*EXERCISE*. Would you copy exactly the lines in the data below from the one that has "Zásuvkové skrine Bott" through the one that has "The Post Falls", dropping any pictures?
----- INPUT MATERIAL
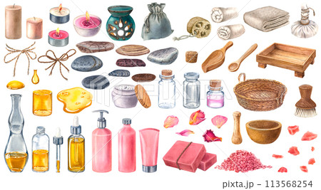 Hand drawn watercolor illustration of candles, basket, glass bottles, thai herbal ball, tray, spoon, scoop, bowl, salt, towels, loofah, aroma lamp, pouch, pebbles, rose petals on isolated background.
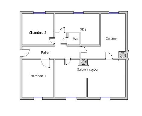 - Hall d'entrée, salon, salle à manger, cuisine, dégagement, wc, salle d'eau, deux chambres
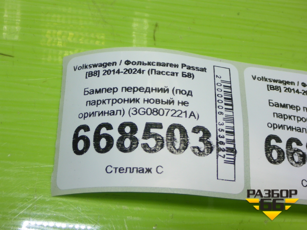 Бампер передний (под парктроник новый не оригинал) (3G0807221A) для Volkswagen Passat [B8] 2014-2024г (Пассат Б8) в Екатеринбурге
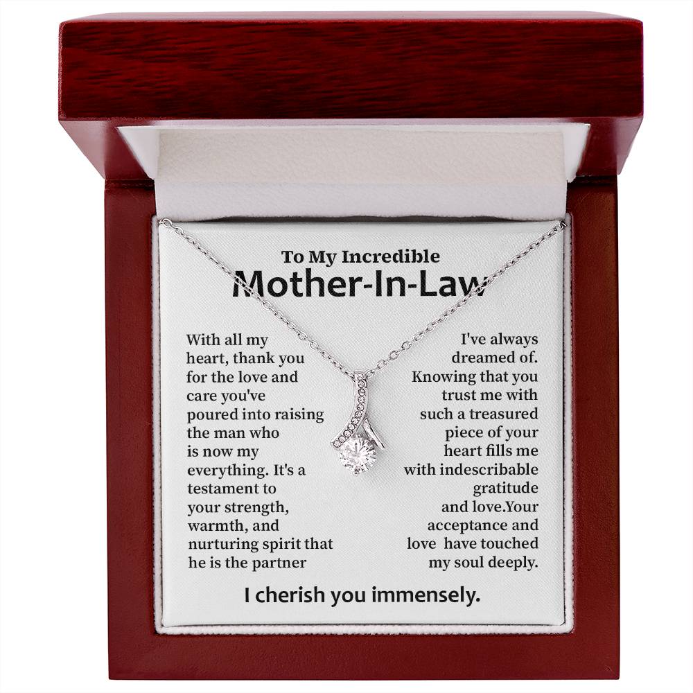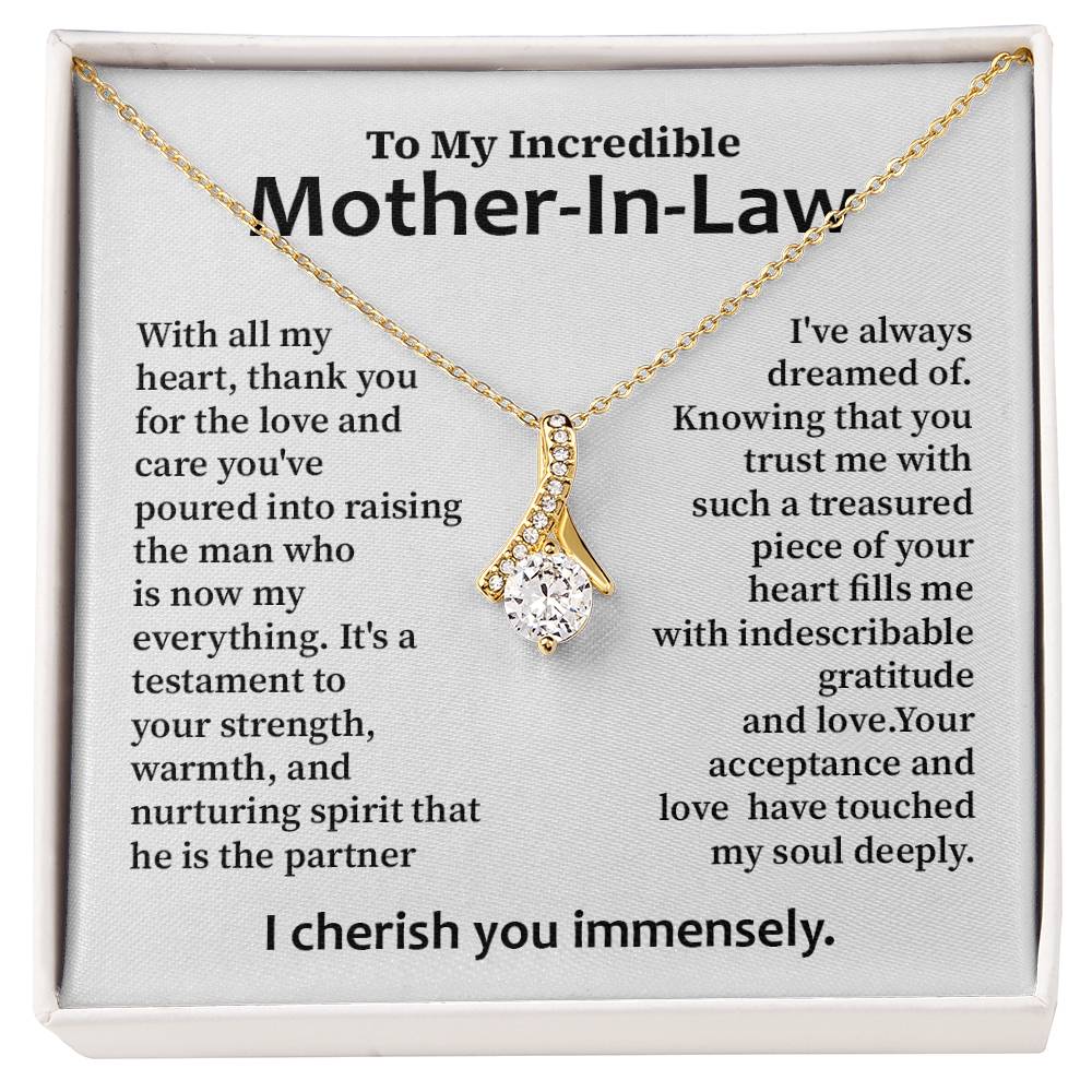 A great present to the amazing woman who brought up the love of your life. This beautiful necklace is a loving thanks to your mother-in-law for kindness, strength, and warmth of her acceptance.
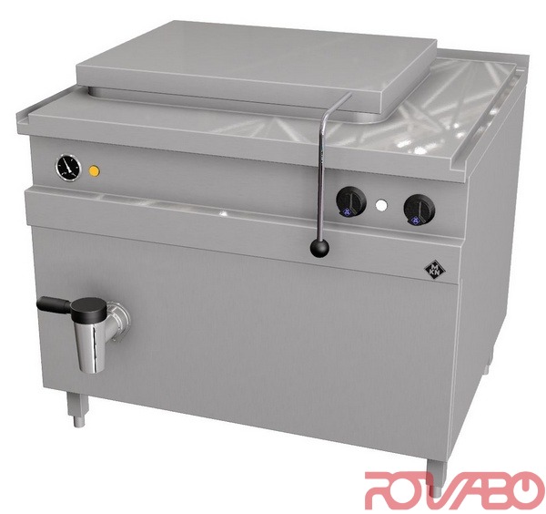Inner kettle 700 x 540 mm, 535 mm deep, for 4 x GN 1/1 – 200 mm deep. Heat up time 41 min. Inner kettle made completely of extremely corrosion-resistant chrome nickel steel. Double jacketed kettle with separate, integrated and maintenance-free VAPRO steam generator for short heating up times and low energy and water consumption as well as highly efficient. Short heating up times with VAPRO pressure steam system. 3 cooking programmes (light simmering, medium boiling and strong boiling). Double-walled hinged lid with springloaded swivel joint. Main switch, power control switch, thermostat, safety temperature thermostat, control lamps, tubular heating elements, pilot heating elements, contactor, water solenoid valve, water level regulator with electrode, mains connection, IPX 5Extra large drain cock 2" of CrNi steel, 1 drain filter.
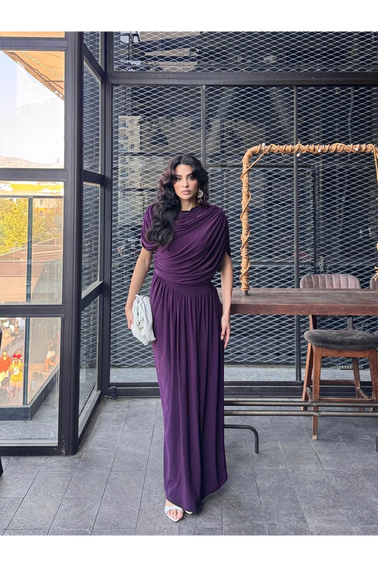 3 AL 2 ÖDEV Yaka Eteği Büzgülü Dökümlü Maxi Elbise
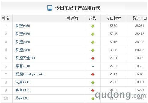根据百度笔记本产品日搜索指数显示,前10名笔记本热门产品,联想占去前六席,并且前五名全由联想笔记本产品占有,分别是Y460,Y450,联想G450,联想G460,联想天逸F41,联想笔记本产品成为笔记本市场主导品牌。彪悍Y460更是持续热销,
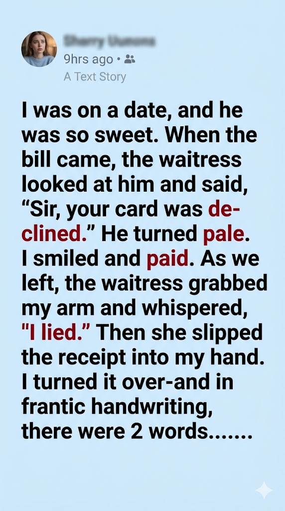 I swallowed hard, fighting a sudden, rising wave of nausea. I looked back at the waitress. She was busying herself wiping down our table, but her eyes kept darting toward me, wide and urgent. She subtly nodded toward the back of the restaurant where the restroomsβ€”and the employee-only kitchen doorsβ€”were located.
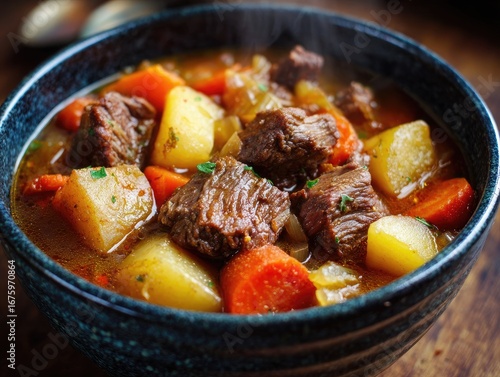 stew, beef, potato, carrot, onion, herb, soup, hot, steaming, bowl, rustic, dinner, comfort, food, cookery, hearty, flavorful, rich, meal, delicious, brown, warm, texture, cube, ingredient, cooked, vegetable, liquid, dinnerware, porcelain, wooden, table, gold, aromatic, tasty, appetising, deliciously, homemade, classic, alimentary, protein, warmth, comfort food, culinary, photo, closeup, food photography
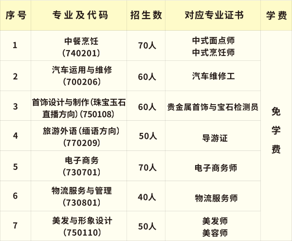 瑞丽市职业中学拥有契合市场需求的专业选择,秋季招生有中餐烹饪、汽车运用与维修、首饰设计与制作、旅游外语(缅语方向)、电子商务、物流服务与管理、美发与形象设计等7个专业,满足不同专业技术需求的学生选择。
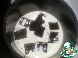 Поставьте сливки (жирные) - 120 мл с нарубленным шоколадом в кастрюльке на маленький огонь, помешивая до полного растворения шоколада. Глазурь должна быть однородной. Остудите до комнатной температуры.
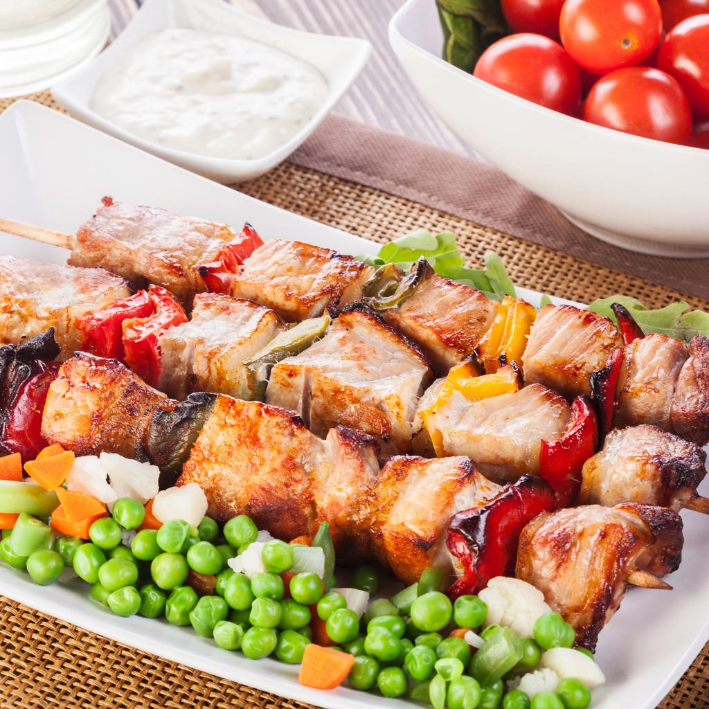 Wallpaper Appetizing ruddy skewers with green peas on a plate
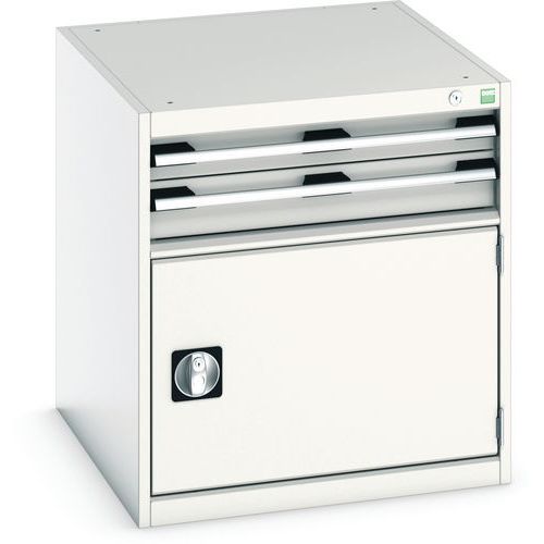 Zásuvkové skrine Bott Cubio so zásuvkami s nosnosťou 75 kg a 100% výsuvmi na valčekových ložiskách. zámku aj blokácia otvorenia viacerých zásuviek naraz. Ergonomické rukoväte s popisovateľnou lištou, uzamykanie cylindrickým zámkom s dvoma kľúčmi.
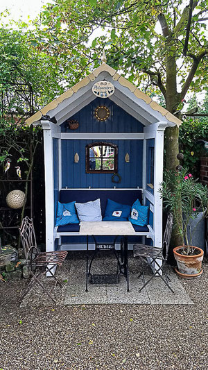 Strandkorb, viele kleine Tische aus Nähmaschinengestellen, nostalgische Holzklappstühle, Deckchairs und gelbe Sonnensegel laden zum Entspannen ein.
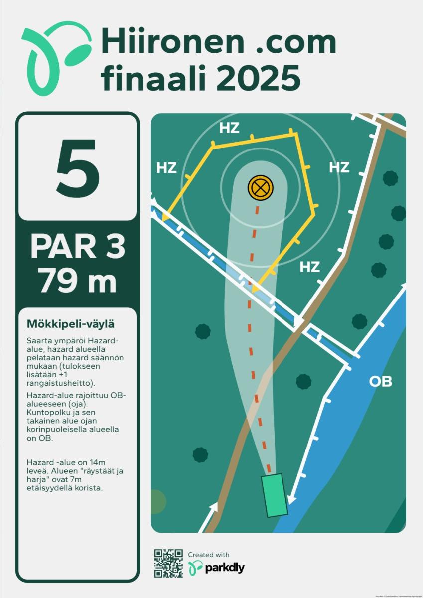 Kori sijaitsee hazard-alueen sisällä olevassa saaressa. Hazard alue on n. 14m leveä, mökin muotoisen saaren harja on n. 7m etäisyydellä korista. Alue rajoittuu OB-ojaan.
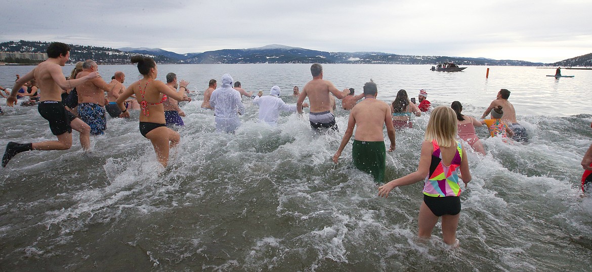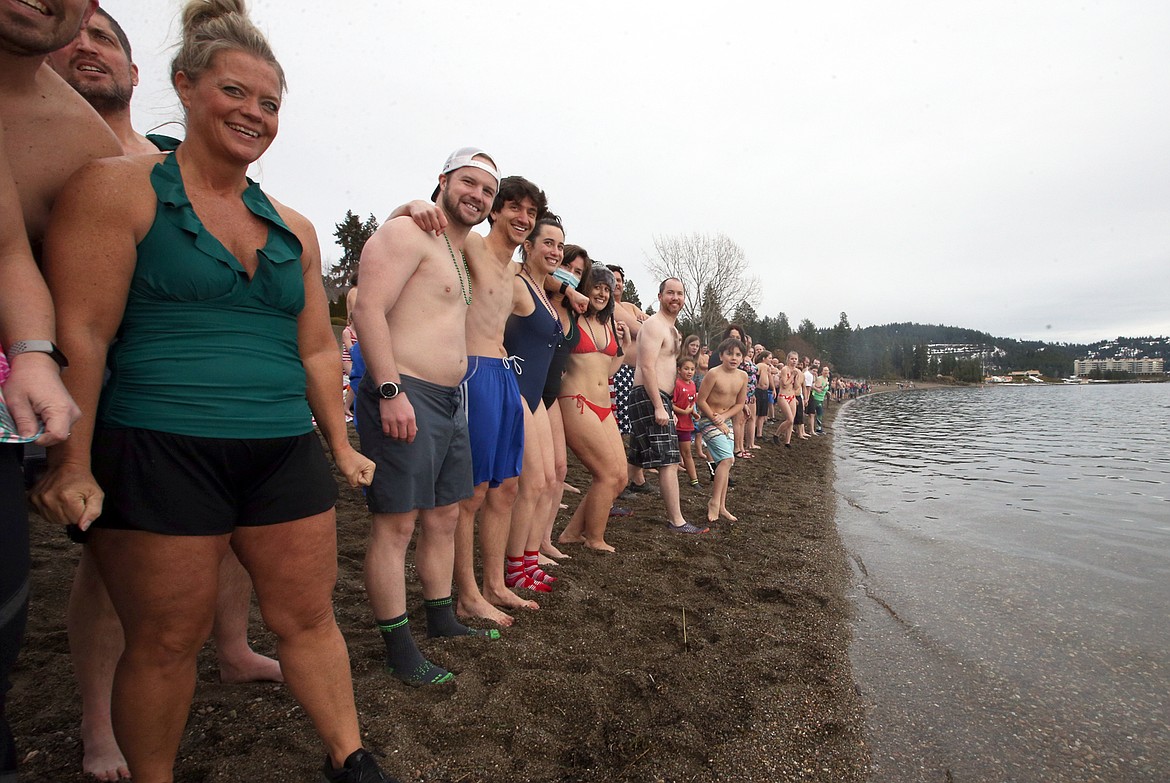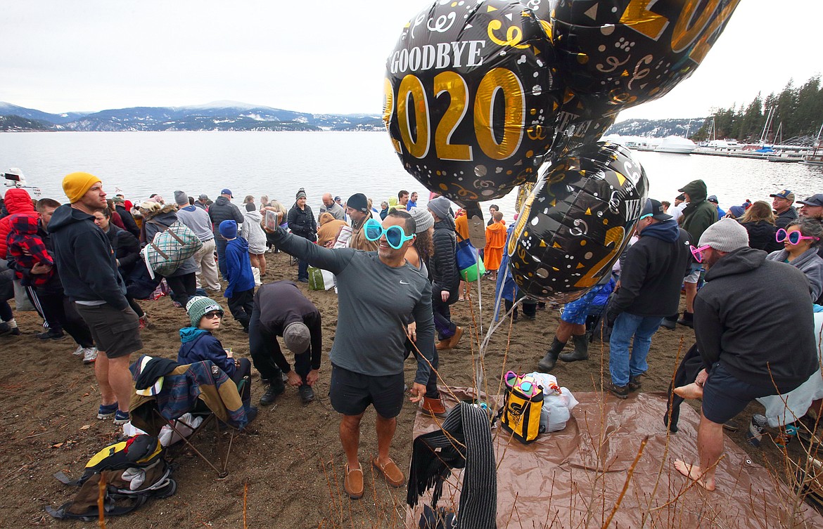 The Post Falls men were in the mood to start the new year in party mode — and with a leap into Lake Coeur d’Alene for the annual Polar Bear Plunge, their six-year tradition.
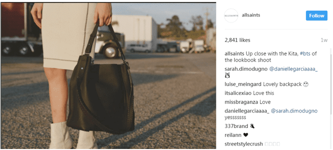 A number of brands leverage user-generated content on social media to encourage users to make a purchase since user generated content on a website or in a campaign can increase the conversion by 29 percent. All Saints, for example, uses user generated content to help other customers make purchase decisions. The images posted by satisfied customer's act as product endorsements and the shoppable elements make purchasing easier.
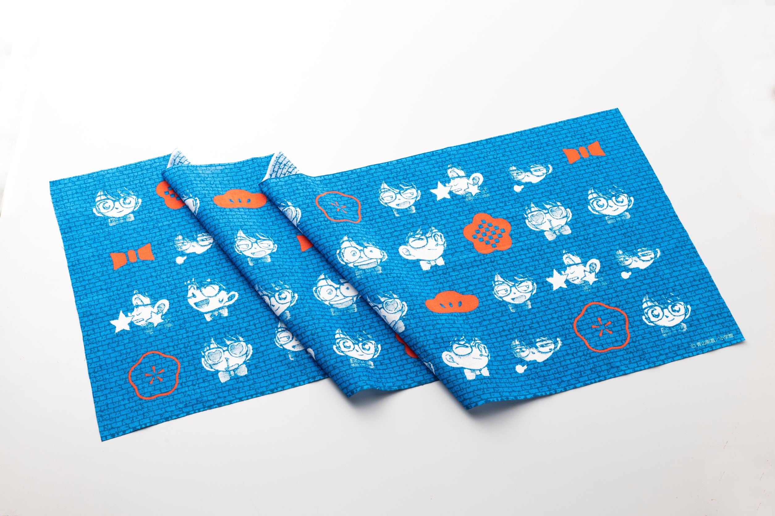 コミックスの背表紙イラストでおなじみの、コナンのミニイラストをデザインした手ぬぐい、鮮やかな藍色に白抜きのコナンと赤い蝶ネクタイや松竹梅のモチーフが生えるデザインです。お重をのせるテーブルランナーや手ぬぐいとしてもご使用いただけます。
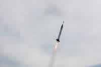 Finally my turn came and at the end of the countdown the launch button was pushed. For a while, I thought I had misfire but I noticed something was happening in the motor. Then it roared to life with a lovely red flame and started to move. It looked good coming off the pad but not too far up it angled into the wind and kept climbing. When ejection occurred, I could not tell that the chain stitching made any difference at all but I did have a successful chute deployment. I could also tell right away that the monofilament line used to try to keep the capsule horizontal had not been up to the task. The entire rig spun around on its way down, drifting much more than I expected along the way.
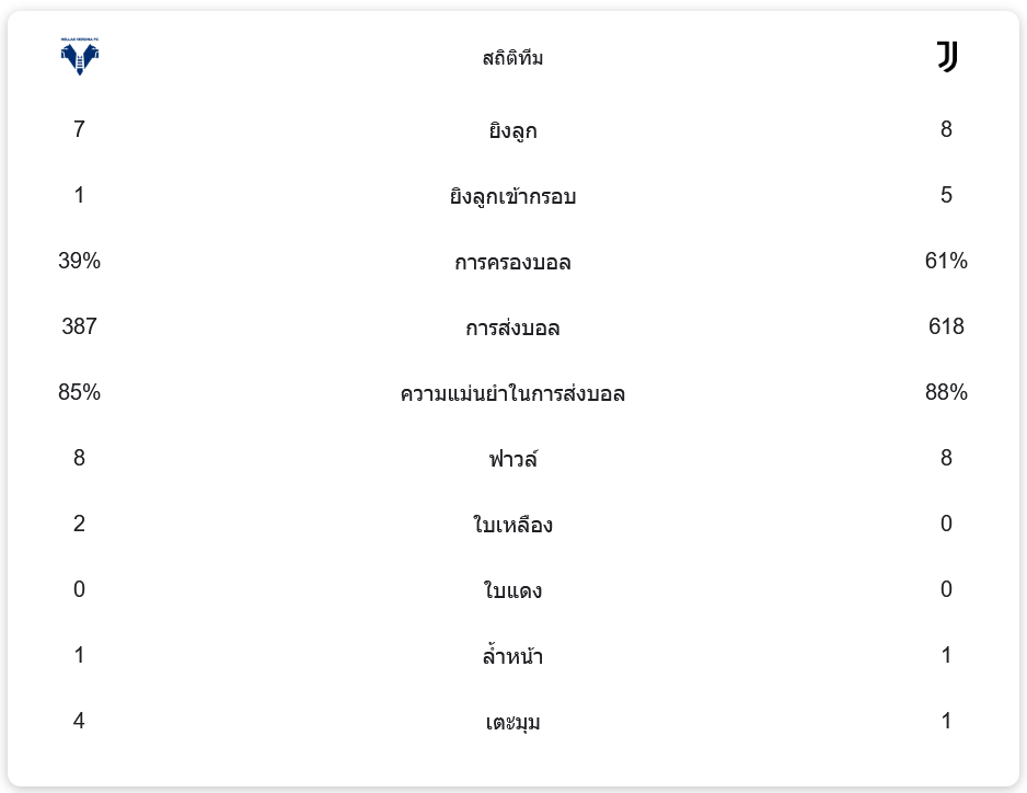 ยูเวนตุสครองบอลได้มากถึง 61% มีโอกาสยิงทั้งหมด 8 ครั้ง และเข้ากรอบ 5 ครั้ง ขณะที่เวโรน่ามีโอกาสยิงเพียง 7 ครั้ง โดยเข้ากรอบ 1 ครั้งเท่านั้น การส่งบอลของยูเวนตุสมีความแม่นยำถึง 88% จากการส่งบอล 618 ครั้ง ซึ่งมากกว่าฝ่ายตรงข้ามอย่างชัดเจน นอกจากนี้ทั้งสองทีมยังมีการทำฟาวล์เท่ากันที่ 8 ครั้ง
----------
*SOLUTION*.
 Zásuvkové skrine Bott Cubio so zásuvkami s nosnosťou 75 kg a 100% výsuvmi na valčekových ložiskách. zámku aj blokácia otvorenia viacerých zásuviek naraz. Ergonomické rukoväte s popisovateľnou lištou, uzamykanie cylindrickým zámkom s dvoma kľúčmi.
 Strandkorb, viele kleine Tische aus Nähmaschinengestellen, nostalgische Holzklappstühle, Deckchairs und gelbe Sonnensegel laden zum Entspannen ein.
 Kori sijaitsee hazard-alueen sisällä olevassa saaressa. Hazard alue on n. 14m leveä, mökin muotoisen saaren harja on n. 7m etäisyydellä korista. Alue rajoittuu OB-ojaan.
 The Post Falls men were in the mood to start the new year in party mode — and with a leap into Lake Coeur d’Alene for the annual Polar Bear Plunge, their six-year tradition.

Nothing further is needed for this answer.